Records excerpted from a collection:
*** Block opens ***
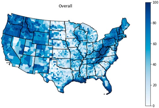 Additionally, for a more comprehensive understanding of community vulnerability, social vulnerability should be considered in addition to physical vulnerability (as addressed by []). Integration of network connectivity considerations and social vulnerability would allow for the establishment of a useful counterfactual economic scenario (such as GDP or on a smaller scale), proving useful for cost–benefit analyses. This highlights an additional opportunity for future research, where social vulnerability models gauging consumer concern for impacted infrastructures may be used to inform the weighting and integration of specific infrastructures. In this study, dimensions were selected that were judged to likely be the most visible impacts at the community level, but for different geographic levels (such as for government) and across different communities, prioritization may require analyses of different infrastructure types than those used here.
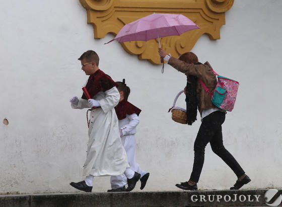 Siempre hay una primera vez, y el pasado domingo nuestra Titular de Gloria la Divina Pastora de las Almas no pudo procesionar por las calles del Campo de la Verdad, Su barrio. La lluvia fue la protagonista en una jornada que amanecía con malos presagios desde el cielo, y se confirmó durante toda la mañana. Muchos hermanos y fieles llenaban nuestra Parroquia cuando se decidió no procesionar, rezando la Salve ante las plantas de la Pastora. Posteriormente la banda de música María Santísima de la Esperanza ofreció a la bendita Imagen su ofrenda musical interpretando de forma magistral una cuidada selección de siete marchas, que debían haber sonado tras Su paso por las calles de nuestro barrio. Pero no pudo ser este año. Concluimos el acto con el canto de la Salve Regina, y agradeciendo a todos los presentes su asistencia y devoción hacia la Divina Pastora.
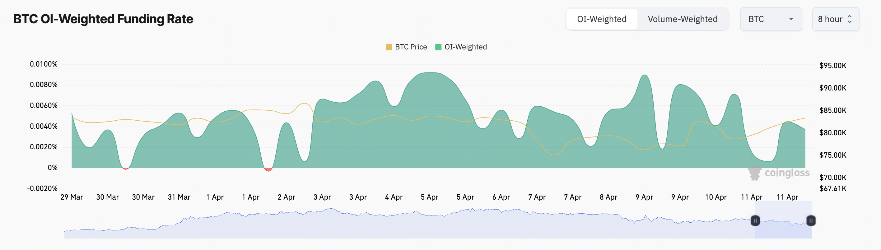 Agar u ijobiy bo’lsa, uzoq savdogarlar qisqa savdogarlarga to’laydi. Bu bozorning optimistik kayfiyatini ko’rsatadi, chunki ko’proq savdogarlar BTC narxining oshishiga ishonmoqda.
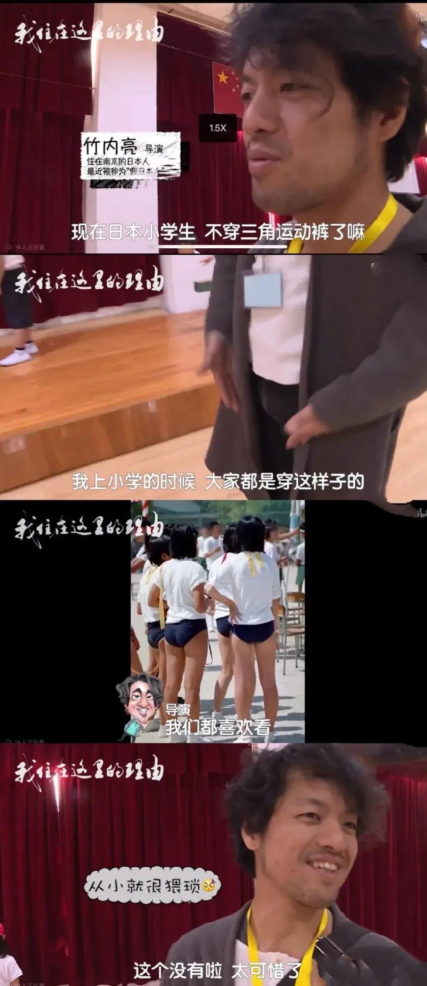 當出現一幫女學生身穿運動短褲的畫面時,竹內亮笑着表達自己的看法,這段視頻截圖,也被做了特殊的標註。
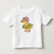 Uma camiseta divertida e colorida com patinho amarelo lúcido vestindo um boné de natação floral rosa, óculos verdes e um tubo interno listrado. O pato de olhos largos e surpreso adiciona um toque caprichoso, perfeito para as crianças vestirem durante o verão, dias de piscina ou brincadeiras casuais. Linhas escuras e cores brilhantes e cartoonizadas tornam esta camiseta atraente e agradável para as crianças, ideal como presente ou parte de um guarda-roupa de verão.
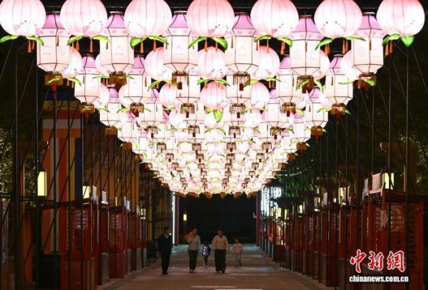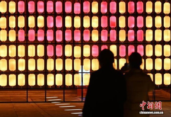 11月9日,大量灯笼组成的灯阵吸引游人驻足。当日,浙江宁波奉化雪窦灯会对民众开放,近千盏彩灯入夜点亮,璀璨景色吸引游人参观。中新社记者 王刚 摄
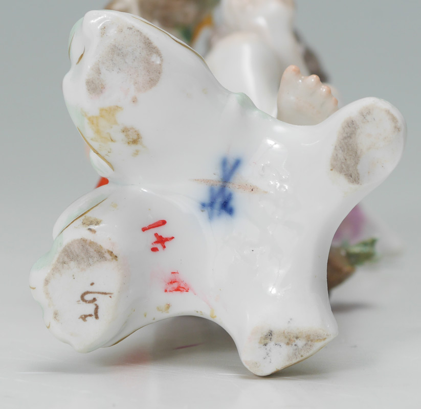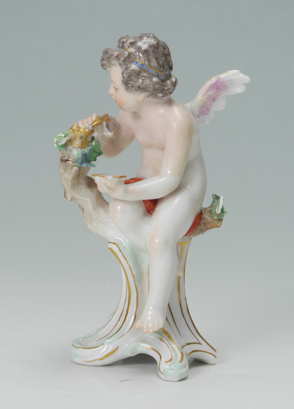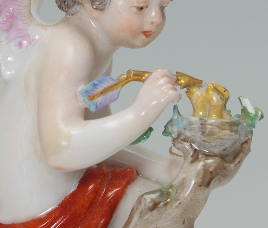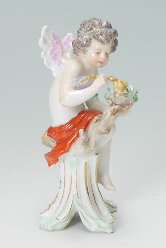 MEISSEN FIGURE CUPID FEEDING BABY BIRDS: 4.5'' tall figure of Cupid resting on a branch, feeding hatchlings with his arrow. Cross swords mark under glaze.
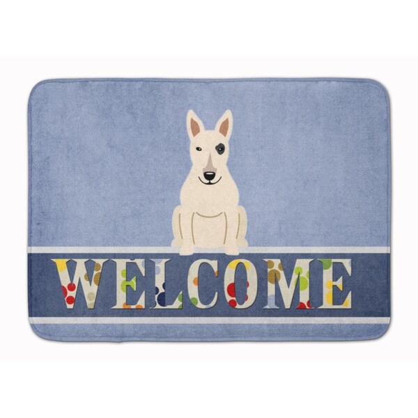 Bull Terrier White Welcome Machine Washable Memory Foam Mat
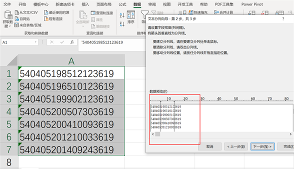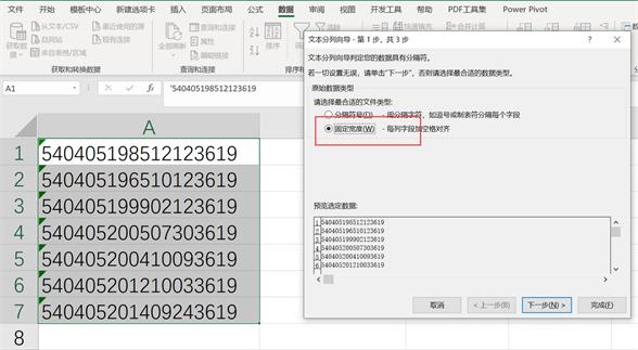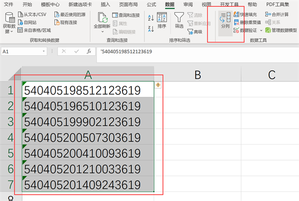 选中A列的身份证号码,点击菜单栏上“数据-分列”。
*** Block closes ***
What is being asked — Print, please, exactly the lines from the one holding "Bull Terrier White" through the final line of the data, both included, while leaving out each picture.

Written reply —
 Bull Terrier White Welcome Machine Washable Memory Foam Mat
 选中A列的身份证号码,点击菜单栏上“数据-分列”。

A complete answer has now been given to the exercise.